ABS Data Shows Women Earn on Average 89% of the Male Wage
According to newly released ABS data, female engineering graduates are earning more than their male counterparts. The Gender Indicators, Australia report shows that women are earning $65,000 as opposed to men, who make $63,500. Despite these figures, women are still at a disadvantage, with female graduates earning less than males in 15 of 19 other industries. Moreover, females earn on average 89% of the male wage, and men continue to outnumber women as CEOs, judges, ministers and parliamentarians, all despite women attaining a higher level of education on average. The Minister for Women, Kelly O’Dwyer, stated that the pay gap is still at a record low for the past decade, at 14.5%.
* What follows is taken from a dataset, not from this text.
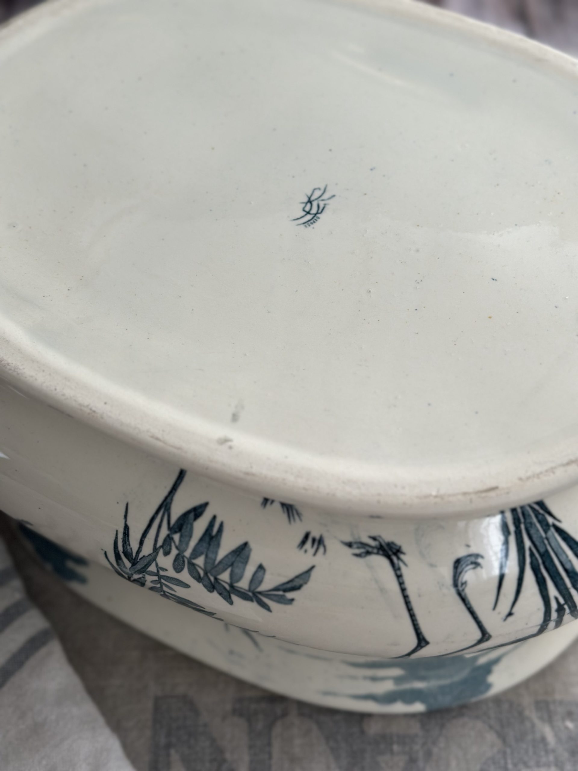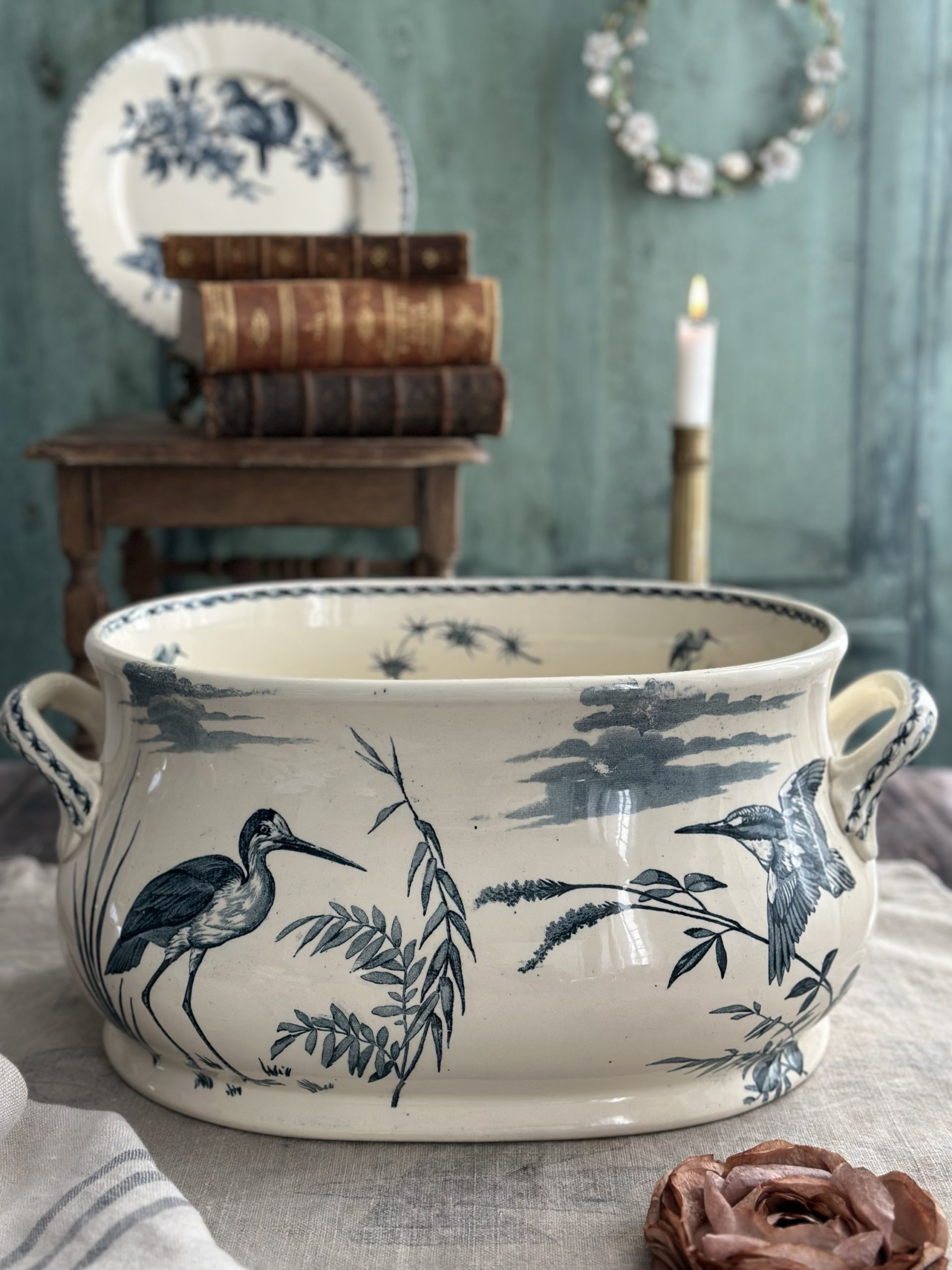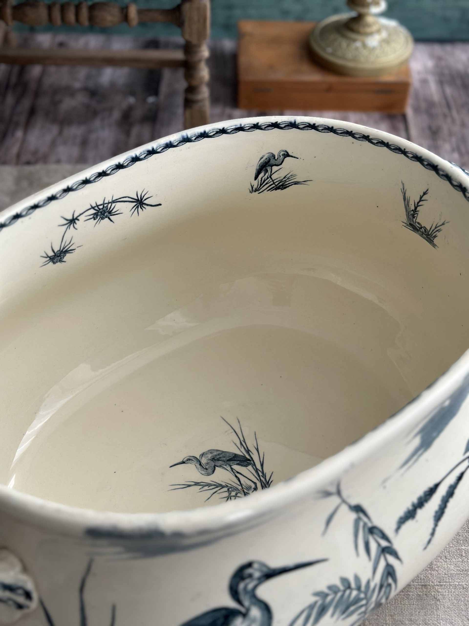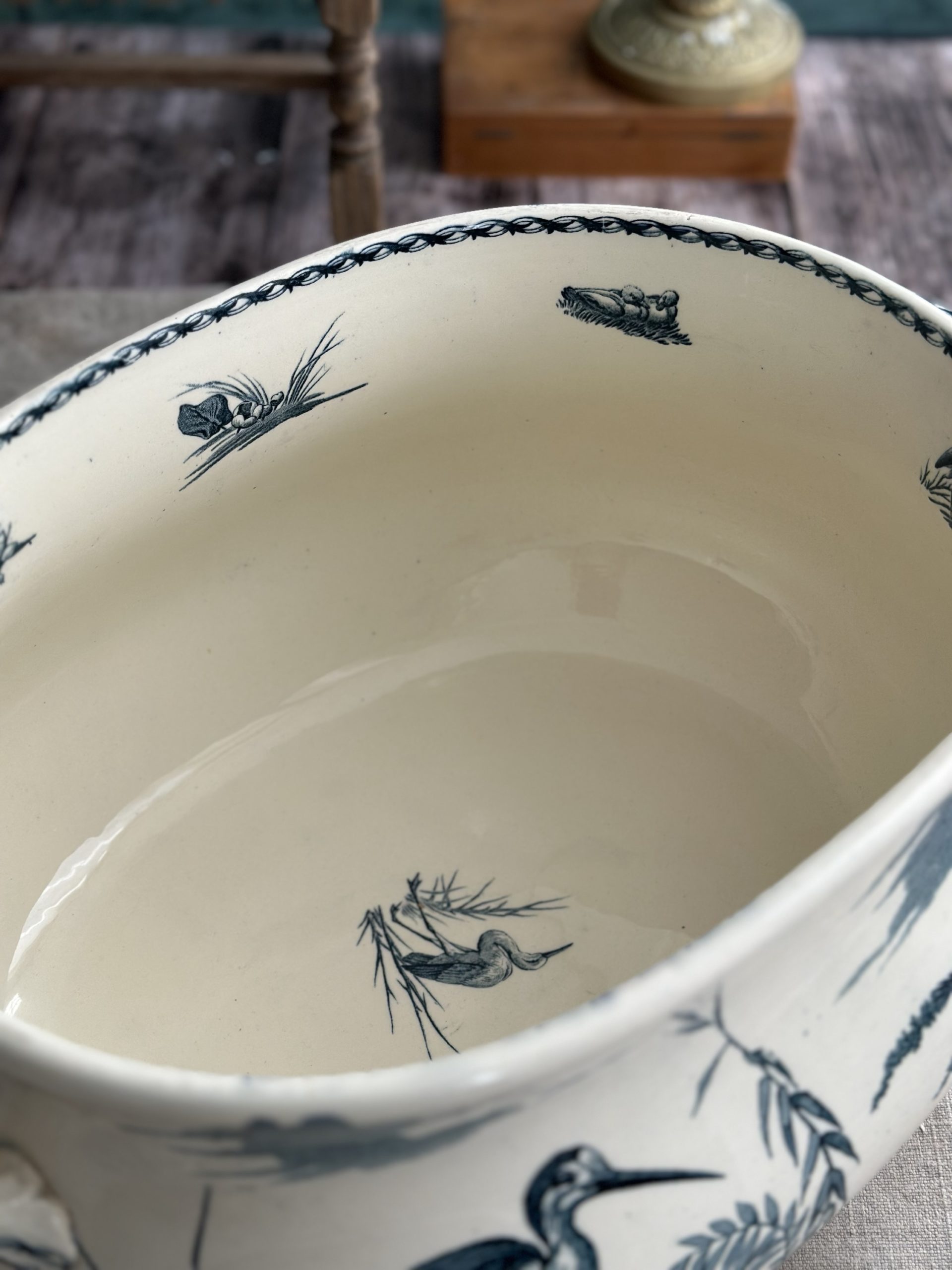 PIECE D’EXCEPTION, très grand bassin rafraichissoir Lunéville Oiseaux des marais » – XIXème
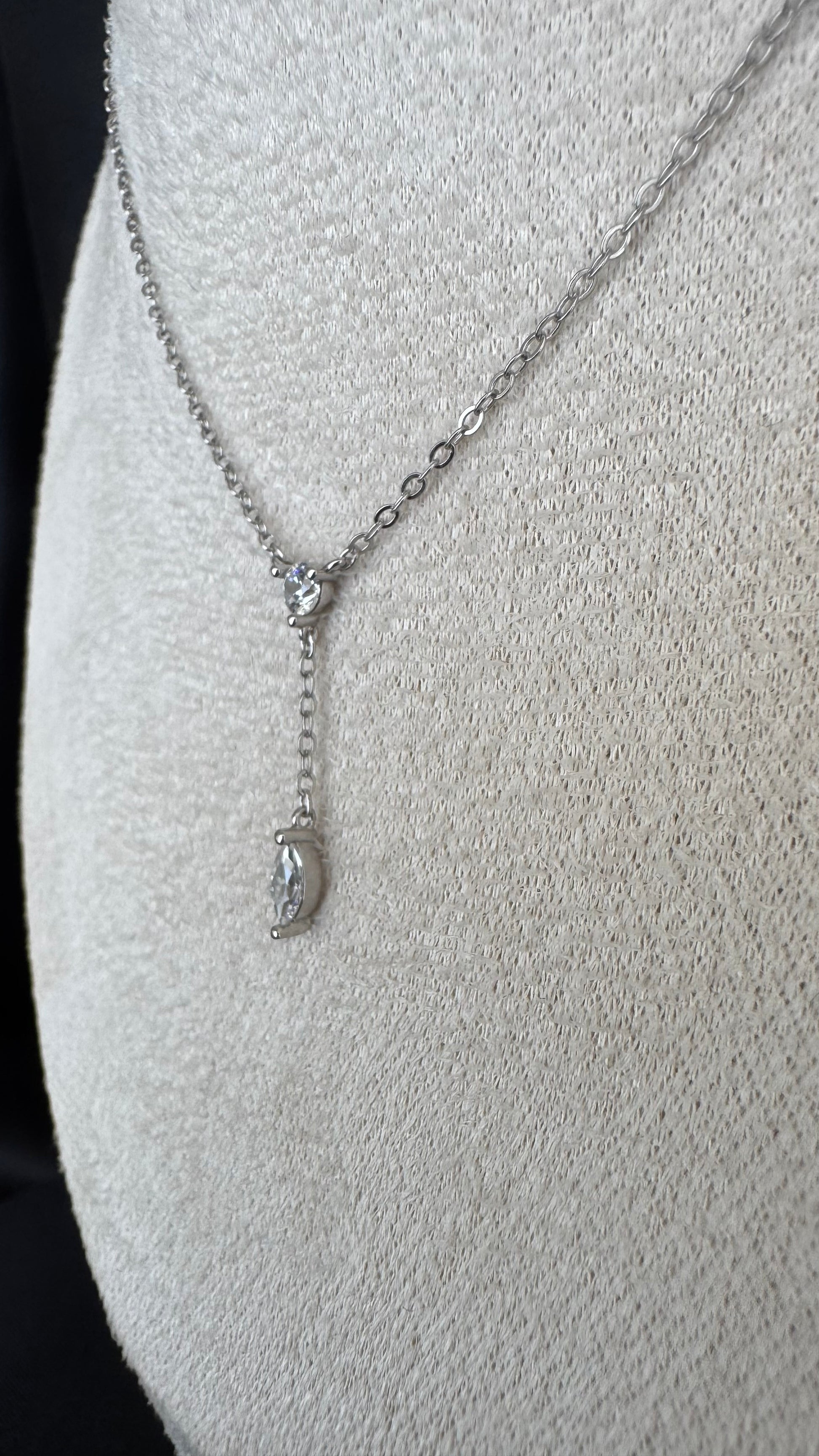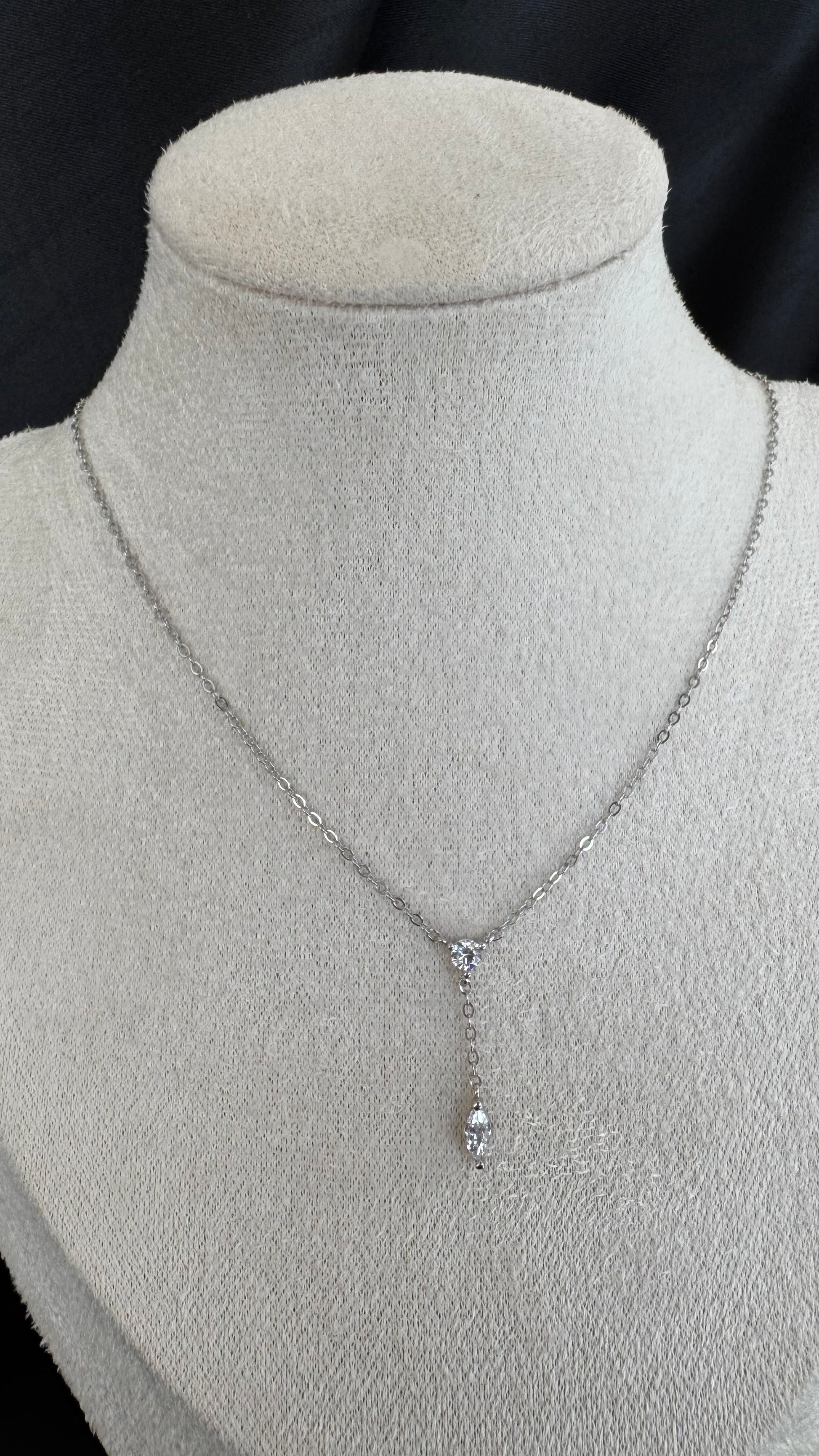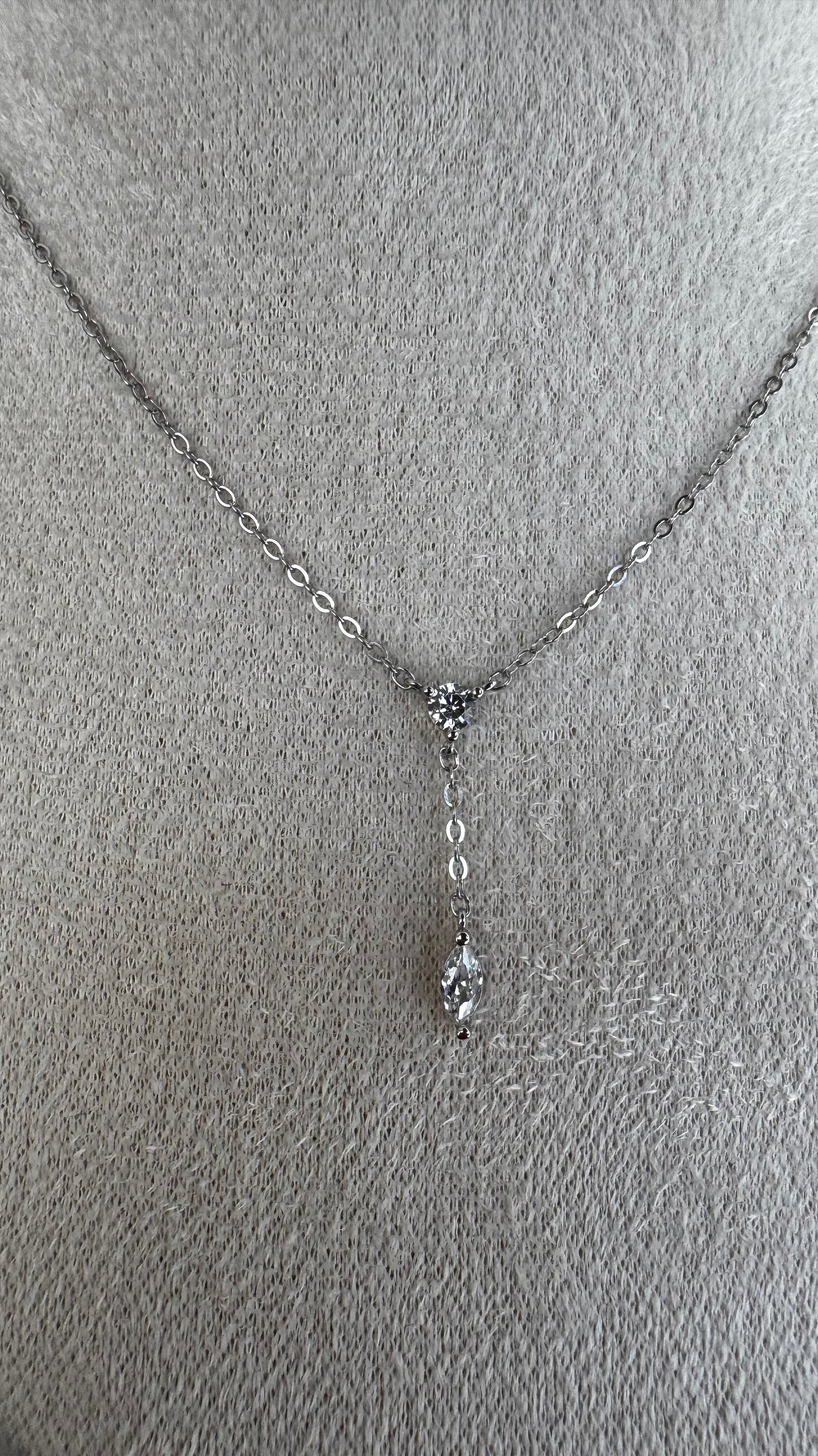 Colar Gravatinha Com Zircônias no banho de Ródio Branco

FW Appeal Upholds Decision that the Roads and Maritime Services is Bound by Fair Work Act and Therefore Stop Bullying Order Applies
The NSW Roads and Maritime Services (RMS) has had its appeal (in the case of Roads and Maritime Services v Leeman [2018] FWCFB 5772) against an anti-bullying order dismissed. In the initial trial with the Fair Work Commission, Victoria Leeman sought an order to stop bullying pursuant to s 789FC of the Fair Work Act. Under this provision, a ‘worker who reasonably believes that he or she has been bullied at work’ can apply for the order. The Fair Work Commission can, in turn and pursuant to s 789FF, make a discretionary order if satisfied that the worker was ‘bullied at work’ and that there was a further risk of continued bullying. The RMS had argued that she was not ‘at work’ and that in the alternative, the RMS was not a ‘constitutionally covered business’, as required by the statute. The Senior Deputy President Hamberger rejected these arguments, prompting the RMS to appeal to the full bench of the Fair Work Commission. In the current matter, the full bench allowed the appeal, in recognition of its potentially wide application and the fact that more anti-bullying applications under s 789FC might arise subsequently. However, they ultimately found that the Deputy President had not erred, dismissing the appeal and confirming the finding in favour of Ms Leeman.